Collected data entries
%%

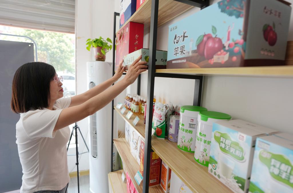 陝西省渭南市の白水県新農妹電子商務でリンゴの展示品を整理する職員。(6月10日撮影、西安=新華社記者/李一博)
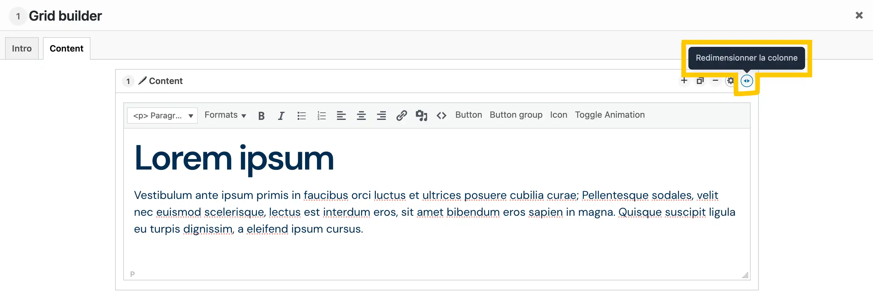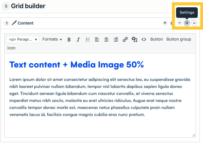 Le composant grid builder permet d’intégrer du contenu wysiwyg, des médias, un form et même ajouter une colonne vide en guise de marge / espace de respiration dans une seule et même section.
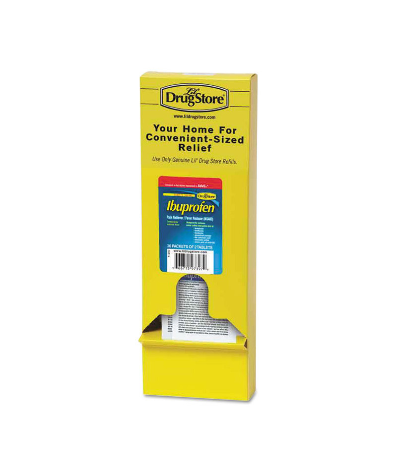 Don't suffer through sickness—fight the fever with ibuprofen fever reducer and pain reliever. 200 mg of ibuprofen work to relieve minor aches and pains, including everything from headaches and backaches to menstrual cramps and muscular aches. Handy individual portion packs are great to have around the office for everyday aches and pains. Packaged for quick refill of Lil' Drugstore Medicine Dispensers (sold separately) or for other use.
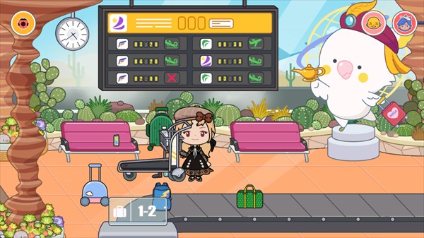 5、人物可进入飞机场,在里面有航班信息,还有行李箱
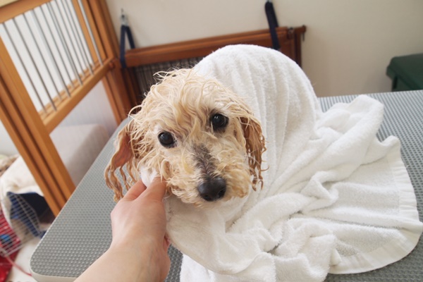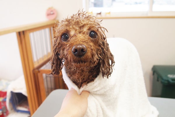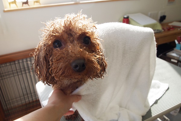 前回トリミングから3週間なので、今日はシャンプーコースです。
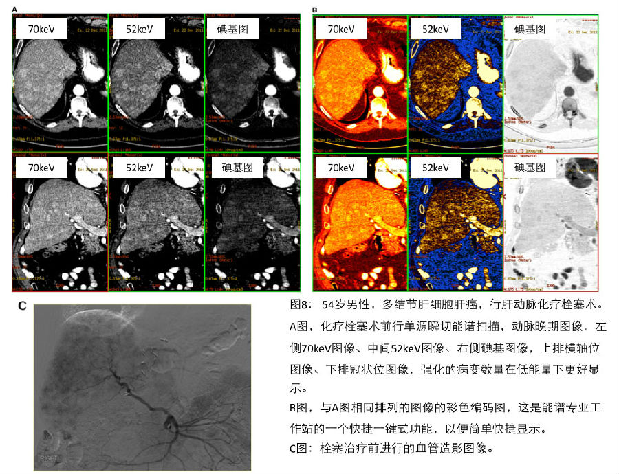 如图8所示,使用单源瞬切能谱的专业分析平台,可以在一个显示器窗口中并列对比观察低keV图像、70keV图像及碘基图像。实践表明,碘基图像同样可以增加病灶检出。彩色融合图像(见图8)、碘基图像、能谱HU曲线,结合方便单能量图像浏览方法,可以动态观察所有能量,以展示各种能量信息。 When images are viewed with dedicated rsDECT software, it is possible to view the lower keV images and 70 keV images side by side with iodine images & #40;Fig. 8& #41;, a practice which also enhances lesion detection due to the lower CNR of the iodine images. Color coding & #40;see Fig. 8& #41;, iodine threshold imaging, spectral HU curves, and a slide-bar that allows on the fly scrolling through all available energies provide additional means of presentation the dual-energy information.

%%

** PROBLEM TO SOLVE **
Please set down only the lines from the first line of the records above through the line that has "Le composant grid", exactly, and not the pictures.

** ANSWER BOX **
 陝西省渭南市の白水県新農妹電子商務でリンゴの展示品を整理する職員。(6月10日撮影、西安=新華社記者/李一博)
 Le composant grid builder permet d’intégrer du contenu wysiwyg, des médias, un form et même ajouter une colonne vide en guise de marge / espace de respiration dans une seule et même section.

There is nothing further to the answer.